To na studiach utyłam kolejne 9 kg....bo ciągle na uczelni, nie robiłam sobie żądnych zrowych kanapek, tylko kupowałam w uczelnianym bufecie buły z srem żółtym i majonezem, pączki, zapiekanki....szkoda gadać.
Teraz przesiaduje na niej mniej...i zaczełam zabierać ze sobą z domu zdrowe przegryzki.
-
Bes uczelnia teraz najważniejsza, a zaległości i tu kiedyś nadrobisz
-
Podpisuję się pod tym, co napisała ninka. Bez bierz się za to, co najważniejsze, forum poczeka.
-
chyba macie rację dziewczyny... szczególnie, że zostało ledwie 5 tygodni do sesji, a ja wciąż nie mam zaliczonej poprzedniej ;(
-
Oj Bes, trzymaj się z tą nauką, może chcesz takiego malutkiego wirtualnego kopniaka do nauki od nas - mnie by tez się przydał, jakaś zaraza z tą niemocą uczenia się zapanowała, już chyba w piątym pamiętniku to dziś czytam. Ja powinnam pisać pracę licencjacką, muszę mieć całą do bo ja wiem, może połowy maja, a mam niecałe 3 rozdziały . Tragedia poprostu .
Pozdrawiam i życzę miłej nauki ("miłej nauki" - to chyba jest klasyczny oksymoron? )
-
jak najbardziej - oksymoron ponad wszelkie oksymorony LOL (moja kumpela kiedyś wymyślała oksymorony co chwila - np. ładny Małysz LOL)
żeby się zupełnie wystawić na potępienie, napiszę, co dziś zjadłam. otóż było to:
1 pomarańcza (na które jestem uczulona i już ledwo rękami ruszam z powodu objawów uczulenia)

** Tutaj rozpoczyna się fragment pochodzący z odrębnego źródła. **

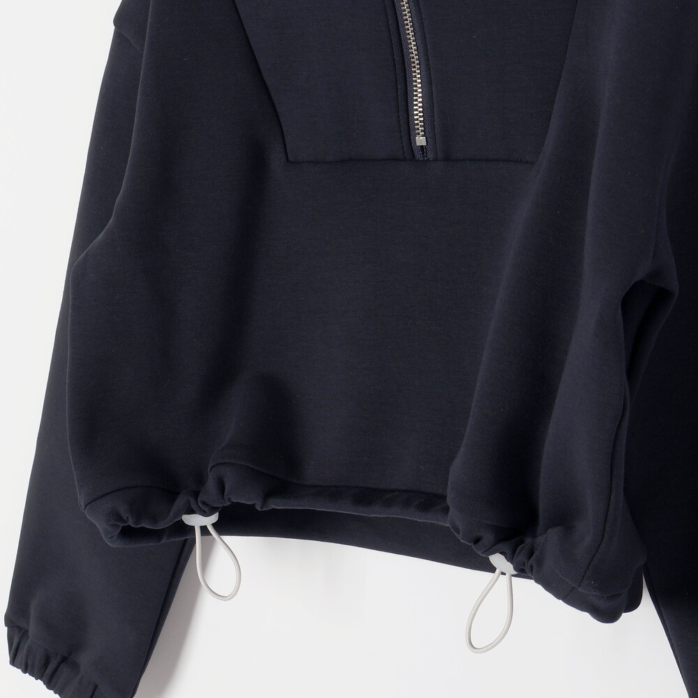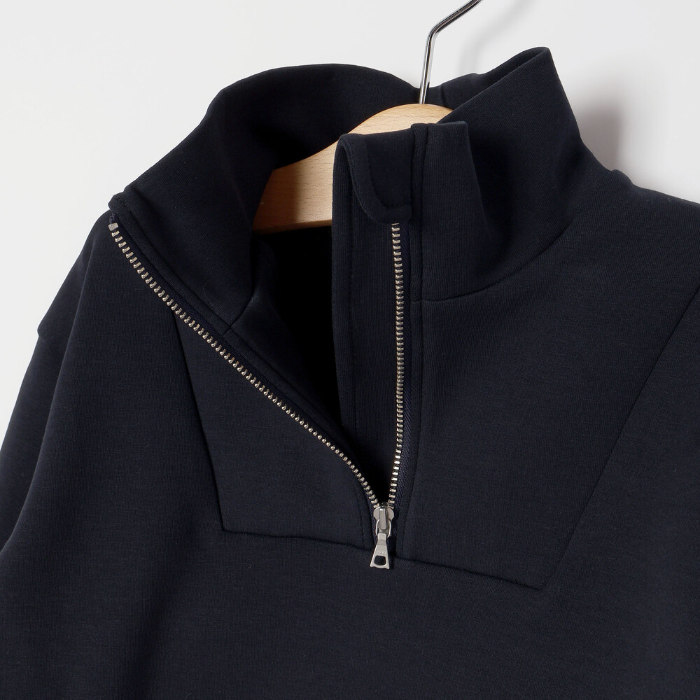 機能性とデザイン性を兼ね備えた男女兼用のハーフジップトレーナー。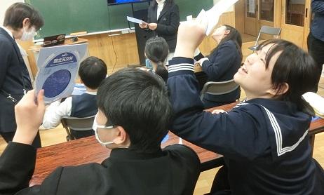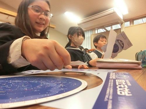 国立天文台天文情報センターの方々をお迎えし、宇宙についてのお話を聞きました。また、夜空を眺め、自分の目で星を見つけることができるように星座版を作成しました。作成しながら「星座版で、星を見つけたことないんだ。」という児童生徒のつぶやきに対して「見つけた時の感動はすごいよ。ぜひ見てほしいです。」声をかけてもらいました。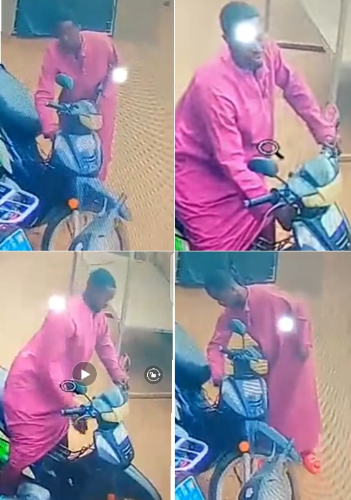 A Young Man in Pink jallabia was captured in a CCTV footage on 7th September unlocking a motorbike owned by a lady known as Dumbu Ubeida.

kawałek (bynajmniej nie najmniejszy) domowej pizzy
chyba z 5 kawałków babki makowej
nie ma co - idealny jadłospis
ale koniec tego dobrego - wyznaczyłam sobie konkretny cel - krótkofalowy - tak może będzie prościej
otóż ogłaszam wszem i wobec (LOL), że do 17 czerwca postaram się schudnąć do wagi 78kg (albo chociaż 79kg)
zostało mi więc prawie 8 tygodni na zgubienie 6-7kg --> myślę, że to ja najbardziej realny cel
zresztą... 17ego czerwca będzie nasza (moja i Tomka) pierwsza rocznica - i chciałabym się jakoś naprawdę dla niego wystroić :P
-
bes, powodzenia, ale pamietaj o tym postanowieniu przy okazji kolejnego kawalka domowej pizzy i daruj sobie!!! chcesz byc piekna czy nie dla Tomeczka?! noo
[/img]
-
Bes - plan realny i do wykonania!
Na pewno Ci sie uda... ale żegnamy (obie!!) ciacho (zjadłam w weekend 8 kawałków i jeszcze ptasie mleczko, czekoladę i budyń )!
Bo jak tak dalej pójdzie.. to zobaczę, ale 80 a nie 70 kg!Trzymaj się ciepło!
Bes pamiętasz jak dobrze Ci szło na SB - może powinnaś znów spróbować!
MIŁEGO DNIA!
-
nie mogę spać... niedobrze mi...
do tego te wszystkie wspomnienia - wszystkie na raz... jednocześnie bolesne do granic wytrzymałości - a jednak jakby jakieś obce... jak film... przesuwający się przed oczyma klatka po klatce...
tamten dzień... słońce... on... jego mieszkanie... i to wszystko, co się stało wtedy...
i wszystko, co stało się potem...
to chore...
przepraszam, że tutaj... nie daję już rady...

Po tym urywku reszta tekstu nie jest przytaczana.